1932年,16岁的王永庆在台湾嘉义一条巷子里开了间小米店。铺面不大,位置也偏,整条街上的米店有三十来家,他这间开得最晚、本钱最少,头几个月几乎没什么客人。
王永庆家里穷,念完小学就出来讨生活了。先在茶园干杂活,后来到米店当学徒,干了一年多,攒了些门道。他回家跟父亲借了200块钱做本钱,自己盘下个小门面。
可开店容易守店难,隔壁的日本米店生意好得很,老主顾都认那家牌子。他背着米袋挨家挨户推销,一天下来累得够呛,也卖不出多少。
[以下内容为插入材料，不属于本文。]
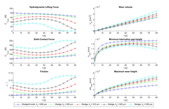 In Figure 7, the simulation results for the wear calculations in the mixed friction regime are shown. The characteristics of the hydrodynamic lifting force FL_Hydro, solid contact force FL_Solid, friction coefficient µ, wear volume VW, minimum lubrication gap height hmin, and the maximum wear height whmax, depending on the time in mixed friction of the smooth lubrication wedge, were compared with those of the textured variants with different texture heights. Selected textures exhibited beneficial tribological performance in the hydrodynamic friction regime (Figure 5). It was evident for all textured variants that in the initial condition, for the operating point in mixed friction (Table 2), lower hydrodynamic lifting forces and higher solid contact forces were determined, resulting in a higher coefficient of friction. Even the textured surfaces exhibited lower friction coefficients for the considered operating point in the hydrodynamic lubrication regime. In the case of the smooth wedge, the hydrodynamic lifting force decreased successively with increasing time in mixed friction, which was related to the wear in the lubrication gap and the associated change in the lubrication gap geometry toward a parallel gap. For the textured surfaces, an intermediate increase in the hydrodynamic lifting force was evident before it rapidly decreased with increasing wear. Furthermore, it was observed that the textured surfaces showed higher wear values, even if they showed better performance in the hydrodynamic lubrication regime. Neither the maximum wear height nor the wear volume showed an advantageous trend compared to the smooth lubrication gap.

他不甘心就这么认输,天天站在店门口看人来人往,心里盘算着怎么把生意做起来。
那时候台湾的稻谷加工粗糙,米里常混着秕糠、小石子和沙粒,主妇们买回去要淘好几遍水才能下锅,谁都嫌麻烦,可大家都习惯了。
王永庆不一样,他叫上两个弟弟,晚上点起煤油灯,把店里每粒米都过一遍手,把杂物一粒粒拣出来。米干净了,主妇们做饭省了不少事,消息传开,街坊邻居都来买他家的米,生意慢慢有了起色。
可王永庆还不满足。他发现来买米的多是上了年纪的妇女和老人,年轻人都在外头忙活,一袋米几十斤重,拎回家真不轻松。
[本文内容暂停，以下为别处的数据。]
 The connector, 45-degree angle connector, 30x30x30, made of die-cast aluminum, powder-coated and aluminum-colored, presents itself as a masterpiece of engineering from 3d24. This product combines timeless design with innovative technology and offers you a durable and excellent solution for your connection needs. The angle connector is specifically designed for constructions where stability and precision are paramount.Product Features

当时没人送货上门,他就自己扛起米袋,一家一家送过去。
进了门,他不光把米袋放下,还看看人家米缸里剩多少旧米。有的话,他就把旧米倒出来,拿抹布把缸里里外外擦干净,再把新米倒进去,最后把旧米铺在最上面。
这样旧米不会压在缸底放坏,主妇们做饭先吃上面的陈米,新米留到后面。
碰上新顾客,王永庆会多问几句:家里几口人,几个大人几个小孩,饭量大概多少。问完了他就掏出小本子记下来,再瞄一眼米缸的容量,心里默默算这户人家大概多久能把米吃完。
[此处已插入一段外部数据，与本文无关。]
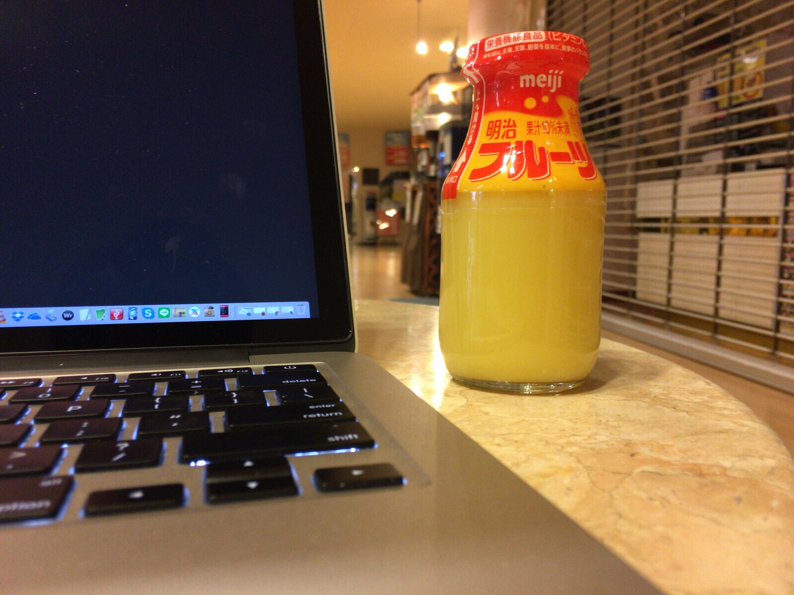 出発前にひと仕事。 フルーツ牛乳とともに。

算好了日子,不用人家开口,他又挑着米袋上门了。主妇们开门一看,常常愣住,说怎么我刚想着要去买米你就来了。王永庆也不多说,笑笑把米倒进缸里,顺手把缸底扫干净。
就这么一袋米一袋米地送,一个本子一个本子地记,王永庆的米店在嘉义站稳了脚跟。
后来他攒够钱,在热闹街上租了大铺面,前面卖米,后面开碾米厂。再后来做木材、做塑胶,一手创办台塑集团,成了台湾首富。
回到1932年的巷子里。王永庆的米店生意一天比一天好,可隔壁有家茶叶店却是另一番光景。
老板姓陈,铺子开了些年头,铁观音、乌龙摆了不少,可就是没人进来,十天半月见不着一个顾客是常事。老陈每天坐柜台后面拨算盘珠子,算来算去都是亏。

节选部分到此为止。